DATA PROVIDED

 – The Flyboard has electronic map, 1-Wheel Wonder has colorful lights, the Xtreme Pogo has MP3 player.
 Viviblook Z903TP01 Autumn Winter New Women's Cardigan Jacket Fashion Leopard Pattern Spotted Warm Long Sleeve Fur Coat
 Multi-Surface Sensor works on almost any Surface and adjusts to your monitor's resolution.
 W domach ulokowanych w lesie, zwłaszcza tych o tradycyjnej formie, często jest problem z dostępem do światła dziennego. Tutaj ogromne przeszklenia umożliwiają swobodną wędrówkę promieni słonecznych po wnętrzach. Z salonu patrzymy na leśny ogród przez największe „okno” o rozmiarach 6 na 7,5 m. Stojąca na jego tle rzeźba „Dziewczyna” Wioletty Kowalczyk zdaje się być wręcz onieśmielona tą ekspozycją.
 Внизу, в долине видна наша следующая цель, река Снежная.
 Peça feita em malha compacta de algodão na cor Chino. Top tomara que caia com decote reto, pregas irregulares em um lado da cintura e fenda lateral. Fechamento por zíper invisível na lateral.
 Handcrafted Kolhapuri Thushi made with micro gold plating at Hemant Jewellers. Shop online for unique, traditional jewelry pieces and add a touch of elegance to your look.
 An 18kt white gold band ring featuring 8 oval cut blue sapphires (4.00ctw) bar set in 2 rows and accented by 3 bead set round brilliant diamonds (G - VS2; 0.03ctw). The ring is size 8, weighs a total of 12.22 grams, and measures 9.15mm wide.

THE PROBLEM
Work through the records above. Copy every line with the string "gold".

ANSWER FOR THE TASK
 Handcrafted Kolhapuri Thushi made with micro gold plating at Hemant Jewellers. Shop online for unique, traditional jewelry pieces and add a touch of elegance to your look.
 An 18kt white gold band ring featuring 8 oval cut blue sapphires (4.00ctw) bar set in 2 rows and accented by 3 bead set round brilliant diamonds (G - VS2; 0.03ctw). The ring is size 8, weighs a total of 12.22 grams, and measures 9.15mm wide.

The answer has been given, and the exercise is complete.